Die Spaltung habe sich bereits seit vielen Monaten abgezeichnet, erklärt Tertinegg, denn Bitcoin habe von Anfang an einen Schwachpunkt gehabt. "Bitcoin ist in der ursprünglichen Variante technisch nicht darauf ausgelegt, viele Transaktionen abwickeln zu können." Jede Transaktion habe eine bestimmte Datengröße, und alle zehn Minuten werde nur ein Block mit einer Datengröße von einem Megabyte erzeugt.
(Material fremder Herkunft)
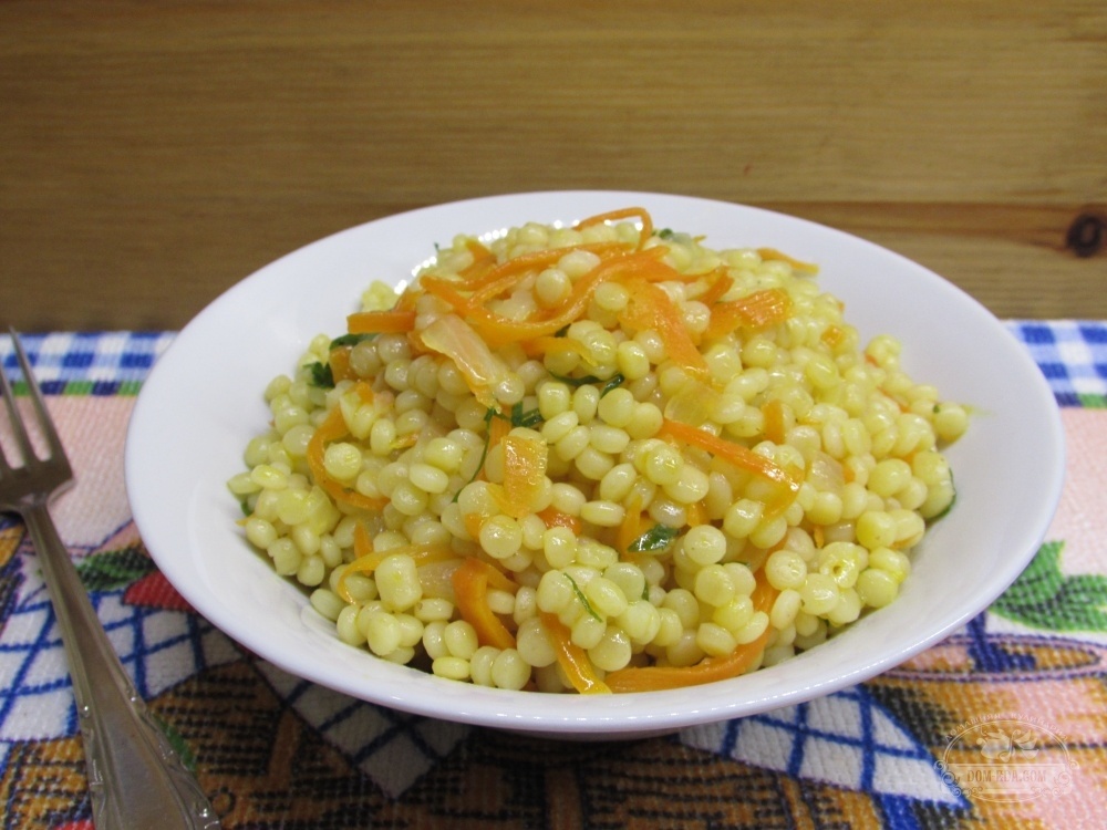 Итак, соберем простой и доступный набор для приготовления птитим с овощами в домашних условиях. Приступим! Очистите, сполосните и произвольными кусочками порежьте морковь. Обжаривайте ее на разогретой сковороде с растительным маслом. К моркови добавьте лук, очистив его от шелухи и промыв. Лук режем мелкими кубиками. Теперь очередь чеснока. Зубчики его освободите от шелухи и сполосните. Порежьте, прибавьте к остальным овощам. Готовим все, помешивая, несколько минут. Когда овощи размягчились совсем немного, можно добавлять птитим. Его промывать перед готовкой не надо, хоть он и напоминает крупу. Засыпьте пасту в сковороду. Залейте стаканом воды. Горячей или холодной, не имеет значения. Я для ускорения процесса всегда беру воду из только что закипевшего чайника. Накройте сковороду крышкой и готовьте пасту на медленном огне около 15 мин. Посолим. Я приправляла блюдо пряной солью, она дает дополнительные ароматные оттенки всему блюду. Добавьте немного воды, перемешайте овощи и пасту. Чуть-

Fast zwei Jahre lang sei in der Bitcoin-Community darüber gestritten worden, ob man diese willkürlich festgelegte Blockgröße ändern sollte - bis sich schließlich eine kleine Gruppe von Entwicklern zu der Abspaltung entschlossen und eine neue Kryptowährung mit einer Blockgröße von 8 MB geschaffen habe.

"Die haben dann eine eigene Software geschrieben, die nicht mehr kompatibel ist mit der Bitcoin-Software." Allerdings werden die beiden Kryptowährungen für immer miteinander verbunden bleiben, weil die Blockchain - also die Datenbank, in der alle bisherigen Transaktionen verschlüsselt aufgezeichnet sind - bis zur Abspaltung am 1. August bei beiden Kryptowährungen gleich ist. Derzeit ist diese Blockchain knapp 150 Gigabyte groß.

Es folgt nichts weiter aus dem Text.